2. Learn to download.
I may or may not have used this method to find back issues of old titles that are next to impossible to find at local comic stores. I may or may not have found downloading to be an incredibly easy and economical way to review new titles. I may or may not have knowledge of the fact that thousands of titles are available online if you take the time to learn how to use a popular torrent program. That is all I have to say about this particular method, which I may or may not have knowledge of at this particular time.
PROS: It’s free, unless you factor in the cost of maintaining your Internet connection (and the cost of exceeding your ISP’s downloading limit, which can cost you plenty if you’re not careful). And if you can get past any ethical concerns you may have about accessing material without paying the people who create it, the tools to download and read digital comics are very easy to use.
CONS: Ahem. Technically, it’s illegal, so there is a small chance that doing this could cost you eventually. Downloading newer books (i.e., those books for which writers and artists are getting royalties based on sales) could also discourage the good writers and artists from putting out new product down the line. And there’s something about the heft and smell of a good comic that a computer screen just can’t replicate.
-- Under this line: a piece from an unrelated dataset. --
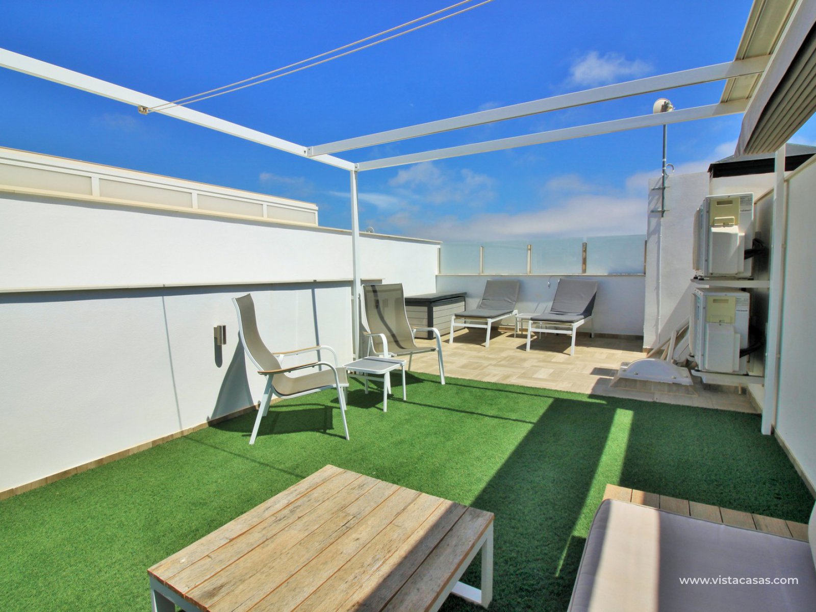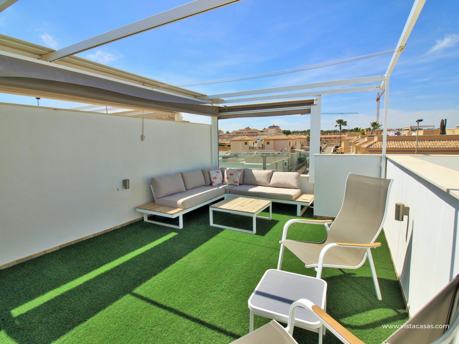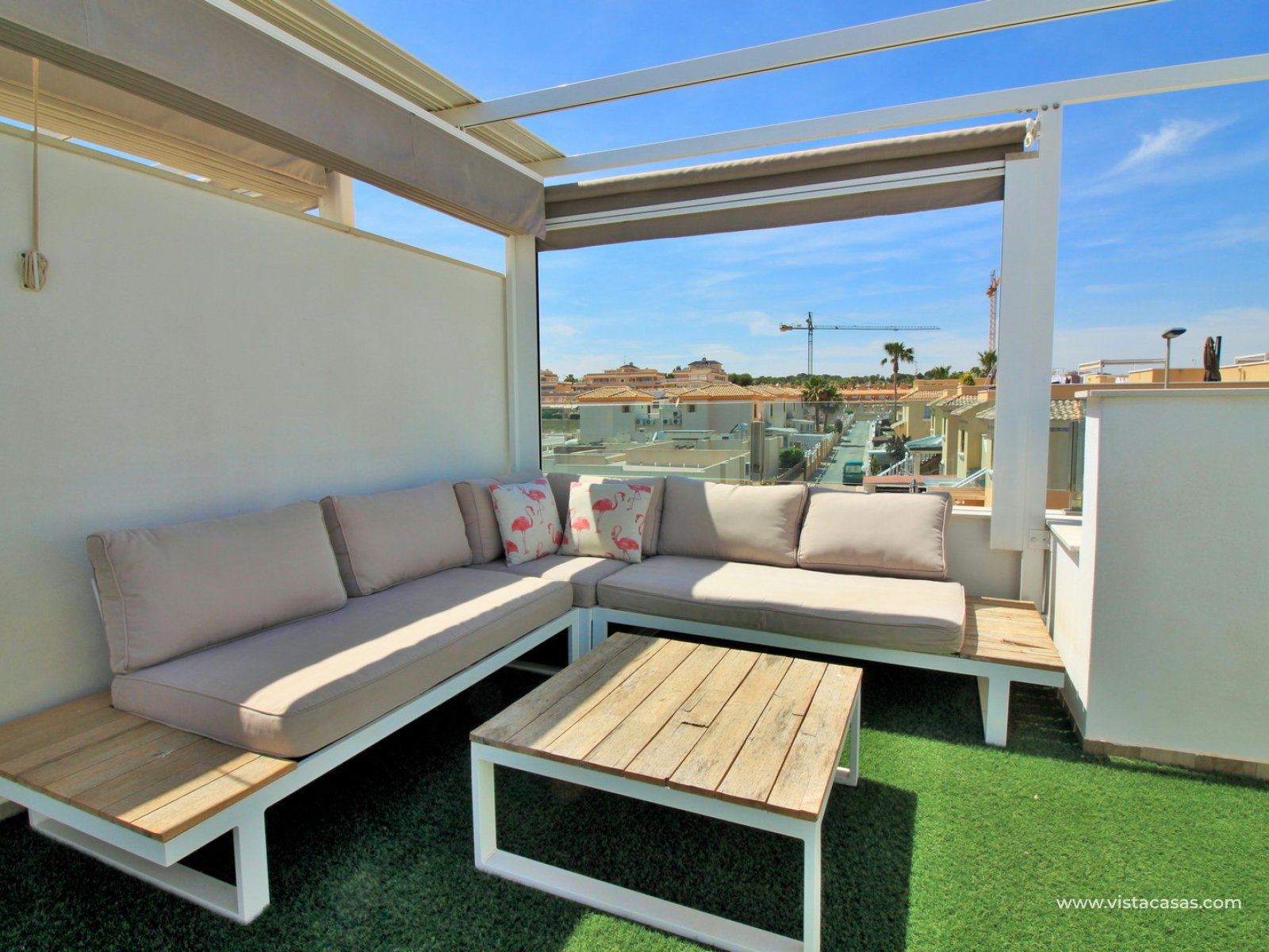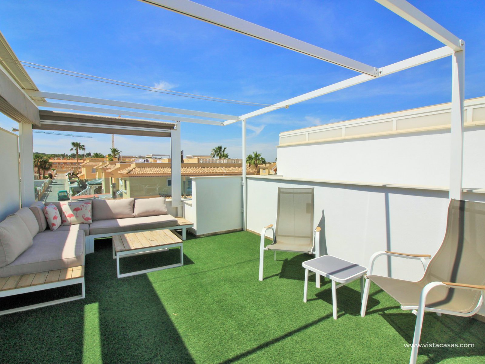 The living accommodation on the ground floor comprises of a very spacious lounge-dining area with American style kitchen to the rear with covered utility area, a twin bedroom with fitted wardrobes, and a bathroom with walk-in shower. Upstairs there are 2 spacious double bedrooms which both offer en-suite bathrooms with walk-in showers. The master bedroom offers double fitted wardrobes, plus a Juliet balcony with access up to the roof solarium. The rear double bedroom offers fitted wardrobes, plus access to a private terrace, perfect for the midday sun. From the landing and master bedroom you can access the large 37m2 roof solarium with storage cupboard. The owners have installed privacy glass on the solarium, plus a retractable awning.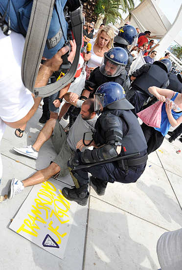Uz povike »nakaze«, »ubi, ubi Srbina« i »ubi, ubi pedera« i glasno hukanje u jednom trenutku se činilo da će razjarena gomila potisnuti policiju i cijelu povorku natrag uz Marmontovu, no specijalci su tad krenuli naprijed i u »marice« odvodili po nekoliko rabijatnih, mahom golobradih, mladića. Na koncu su sudionici Gay Pridea između policijskih kordona uspjeli stići do sredine Rive gdje je bio predviđen ograđeni prostor za održavanje skupa. To međutim nije bilo dovoljno da se skup doista i održi jer je gomila ubrzo doslovno opkolila taj dio Rive. Policija je zatim u nekoliko navrata, klasičnih manevara za nogometne utakmice visokog rizika, odgurala okupljene prosvjednike na sigurnu udaljenost. Ipak, od govora nije moglo biti ništa pa je Gay Pride i službeno prekinut koju minutu iza 16 sati. Muke svih u ograđenom prostoru nisu s time prestale, jer je trebalo osigurati, doslovno, evaukaciju. Uličice samog središta grada policija je osiguravala kako bi sudionici Gay Pride stigli su policijskih automobila i kombija kojim su ih potom odvozili na sigurno.

3. Buy digital collections.
This is an option for those folks who like the convenience of digital comics but don’t want to download them illegally. A great example is the Absolute MAD DVD collection, which features more than 600 printable issues of MAD for your viewing pleasure. The same company behind that collection also put out a series of DVDs featuring “the complete collection” of several top Marvel titles.
PROS: The price looks steep at first, but comparatively speaking it’s a pretty good deal. The Spider-Man collection, for instance, offers 575 issues of Amazing Spider-Man (from Amazing Fantasy #15 to just before the Civil War mini-series) and sells on Amazon for about $50. Compare that to the cost of, say, tracking down every one of those issues on eBay or in a comic shop. And think of all the storage space you’ll have in your home once you ditch the long boxes.
CONS: What I just said about heft and smell? Same deal here. Plus, these collections often don’t take into account the numerous crossovers that Marvel in particular is famous for — owning every issue of Amazing Spider-Man may be cool, but what happens when you’re one-third of the way through “Kraven’s Last Hunt” and realize the rest of the storyline continues in books that aren’t featured on the disc?

4. Web comics!
Then there’s the next logical step: comics designed exclusively for the Web. A number of independent artists have put their works online in search of fame (but not, as of yet, fortune). Even the bigger companies are experimenting with posting Web-exclusive content. About time, some might say.
PROS: Most of it’s free, and there’s no shortage of talent out there to enjoy…
CONS: … that is, if you can find them, which you might have trouble doing at first. And those of you who prefer the superhero set might have a hard time finding enough Web comics to feed your need.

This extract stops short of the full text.